Я скользнула в щель между вратами. В остроге было тихо и пусто. И ни людей, ни костров, лишь волшебные рыжие огни вдоль стены. А всё пространство между постройками заполняли статуи. Торговцы, ремесленники, извозчики, зеваки…
– Да уж… – снова пробормотала я. – Ну, Зим…
– Чали, – меня, запыхавшись, догнал староста. – Вон туда нам. Вот та башня.
Угрюмое, громоздкое и нелепое трёхэтажное строение, закутанное в ледяной саван, нависало над низкими домиками городской верхушки. Которая, надо отдать ей должное, сейчас была с людьми – думала, подсказывала, руководила. А о пленнике…
– Забыли? – спросила я резковато. – О том, кто в яме?
– Что ты, чали, – обиделся староста. – При нём же стражник. Огня и тепла внутри хватит.
Да нужно Зиму это тепло…
– Как внутрь попасть? – наледь на башне цельная, толстая, ни окон не видно, ни дверей.
– Чёрный ход, – пояснил староста. – Покажу.
К башне жалась кособокая каменная сторожка с выбитой дверью и одной комнаткой. Староста отыскал в углу лаз, поднял крышку и прихватил со стены фонарь. Мы спустились в подземный коридор, тесный, сырой и блаженно (для разгорающейся меня) холодный. По пути я рассеянно выслушала короткую историю об «очень больших и старых» вратах башни, которые и без шалостей духов промерзали зимой так, что не выйти. Поэтому появилась нужда в подземных крысиных ходах. Башней давно толком не пользовались, но ходы исправно чистились и содержались в порядке. Всякое ж бывает.

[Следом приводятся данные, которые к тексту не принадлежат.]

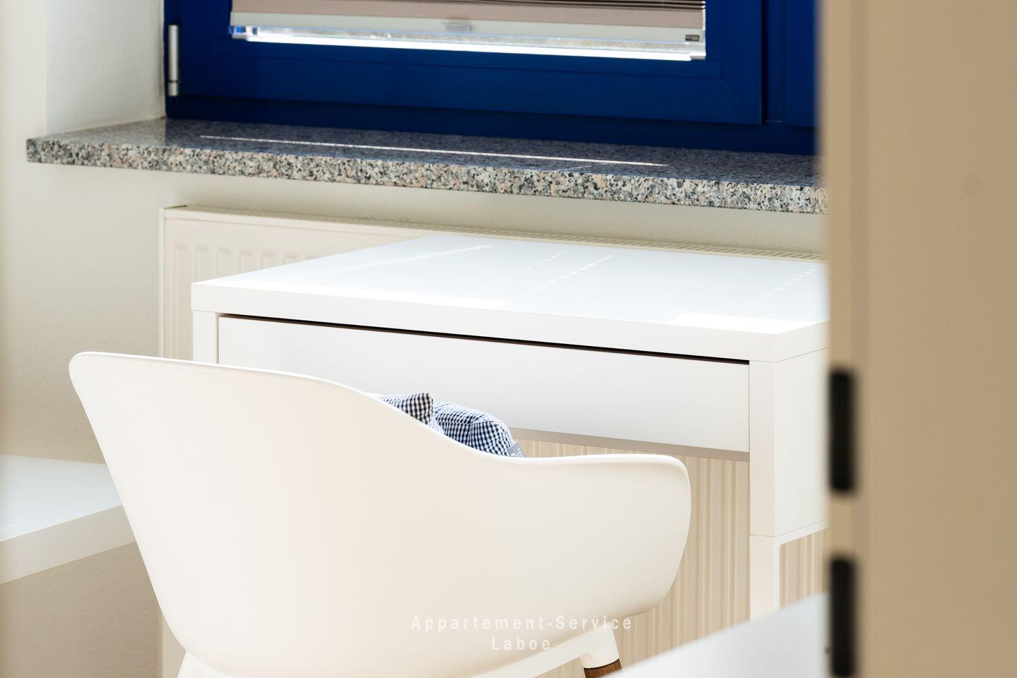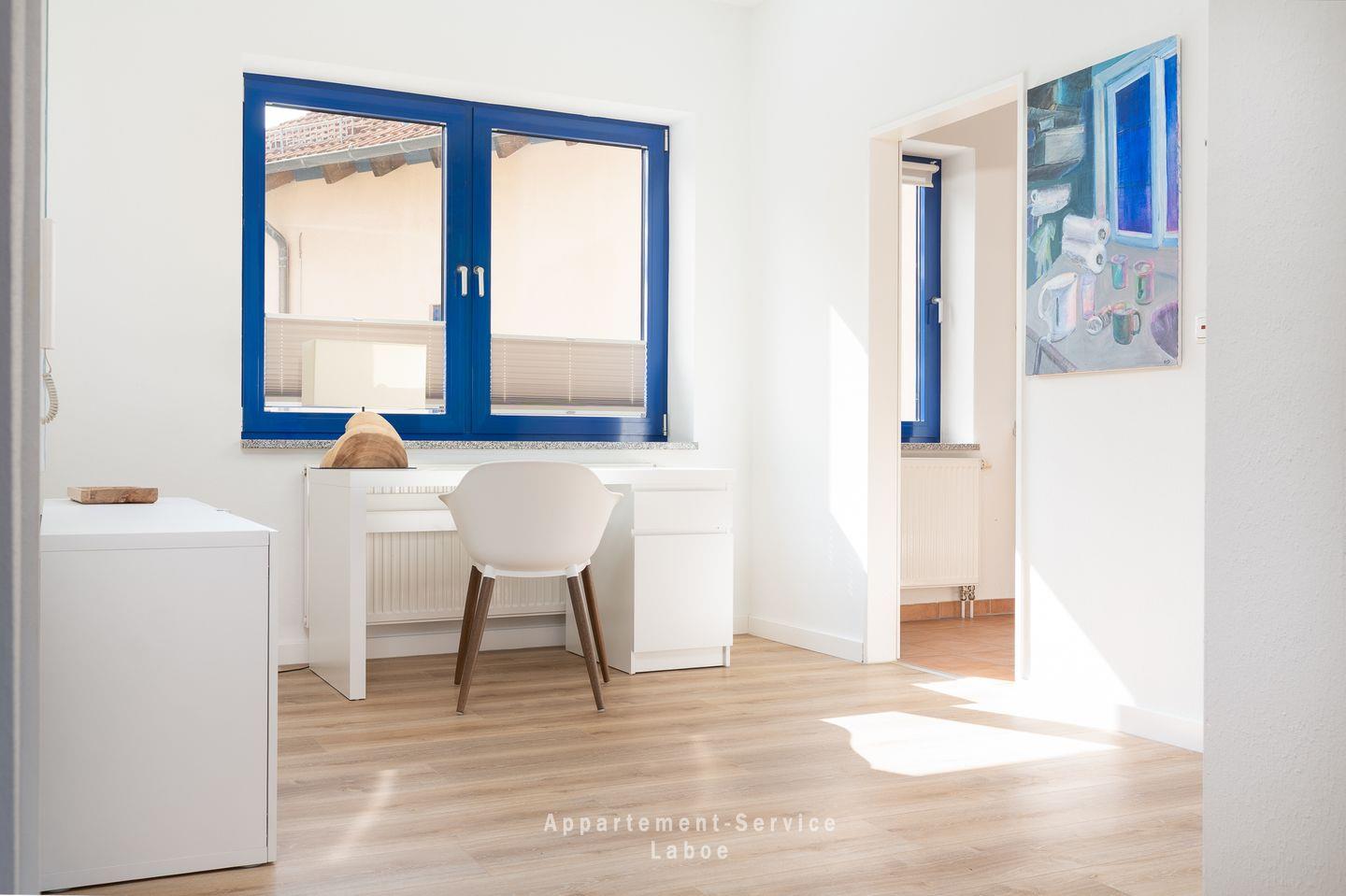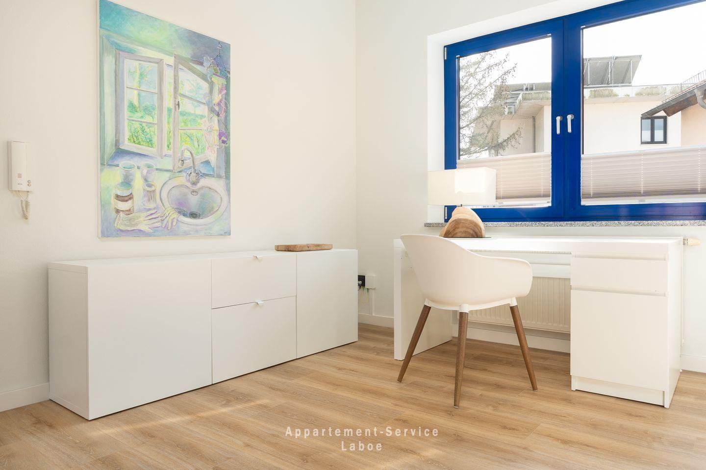 Fürs Arbeiten stehen zwei Schreibtischplätze zur Verfügung, unterstützt durch eine schnelle Internetverbindung via Glasfaser. Eine moderne Einbauküche, ein Abstellraum sowie ein Gäste-WC runden das Angebot im Wohnbereich ab.

Поднявшись по стёртым ступеням наверх, я огляделась. Темно, мрачно и сыро. Межкомнатные перекрытия давно сгнили, и всё, что от них осталось – балки на каменном потолке и стенах. А врата действительно оказались огромными – в четыре человеческих роста и покрытые расписной наледью. По стенам лучились редкие фонари, дающие больше теней, чем света. И, щурясь, я рассмотрела у дальней стены каменную лестницу.
– Сюда, чали, – тихо кашлянул староста, и под потолком загуляло боязливое эхо, отчего в башне стало ещё угрюмее.
Между фонарями чернел дверной проём. Мы прошли длинным коридором и спустились вниз в так называемую яму – небольшой полуподвальный закуток, где у решётки откровенно посапывал стражник. И пленник, кстати, тоже. Яму наполняли храп на два голоса, тусклый фонарный свет и идущее от стены, расписанной зачарованными символами, тепло.
Когда староста снял с крючка ключи и отпер решётку, стражник даже не шевельнулся, лишь всхрапнул громче.
– Я же говорю, нет у нас убийств, – смущённо улыбнулся староста и протянул мне ключи. – Непривычные мы охранять супостатов. У нас стража не для наведения порядка, а чтоб его беречь.